How to prove that the dual of any set is a closed convex cone?

Question

In page 3 of https://link.springer.com/content/pdf/10.1007%2Fs10107-005-0690-4.pdf . It is stated that "The dual of any set is a closed convex cone". I want to know how to prove this. We formulate the problem as follows:

Given a set $K\in\mathbb{R}^n$, the dual of $K$ is defined as $$K^*=\{w\in\mathbb{R}^n:x^Tw\ge0,\forall x \in K\}$$ The problem is how to prove that $K^*$ is a closed convex cone?

My thinkings

We should prove close and convex respectively. For closeness, we can follow this: dual cone is closed , which states that each $x^Tw\ge0$is a half space, therefore, $K^*$ is a intersection of halfspaces.
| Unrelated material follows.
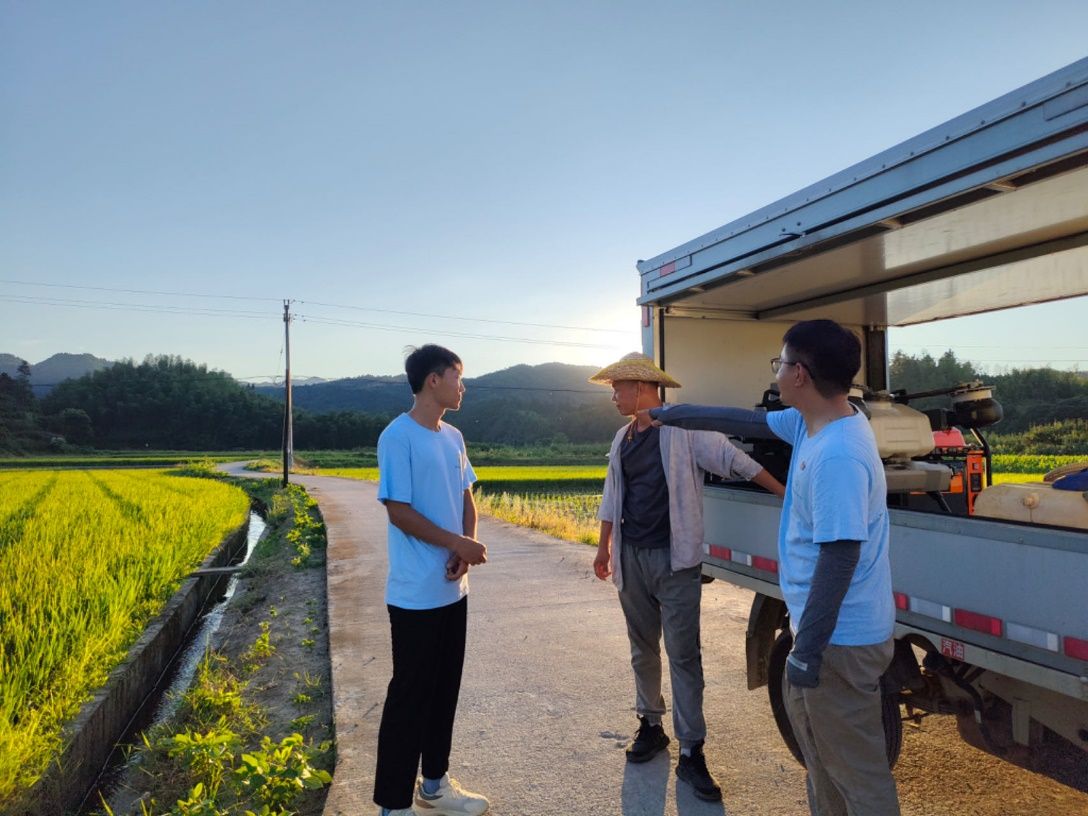 实践队师生在建宁县农业农村局农技推广中心吴景栋主任陪同下,来到建宁县新农友公司学习交流无人机植保作业。实践队队员刘凯说,这次实践调研他深刻感受到“纸上得来终觉浅,绝知此事要躬行”的道理,在学校他虽已进行过无人机培训,但实际无人机植保作业还需考虑作物种类、高度、阳光、气温等各方面因素影响。队员们通过调研发现,目前建宁县植保无人机等智慧农业以及现代农业装备普及程度还较低,队员们都表示毕业后要发挥自己所学知识,努力成为我国农业发展新动力。

But how to prove convex?

Answer 1

Let $v,w \in K^*$, $x \in K$, and $\lambda \in [0,1]$.

Since $x^Tw \ge 0$ and $x^Tv \ge 0$, we have that

\begin{align*} x^T(\lambda v + (1- \lambda)w)&= \lambda x^Tv + (1-\lambda)x^Tw \\ &\ge 0. \end{align*}

$x$ was arbitrary, so it must be that $\lambda v + (1- \lambda)w \in K^*$.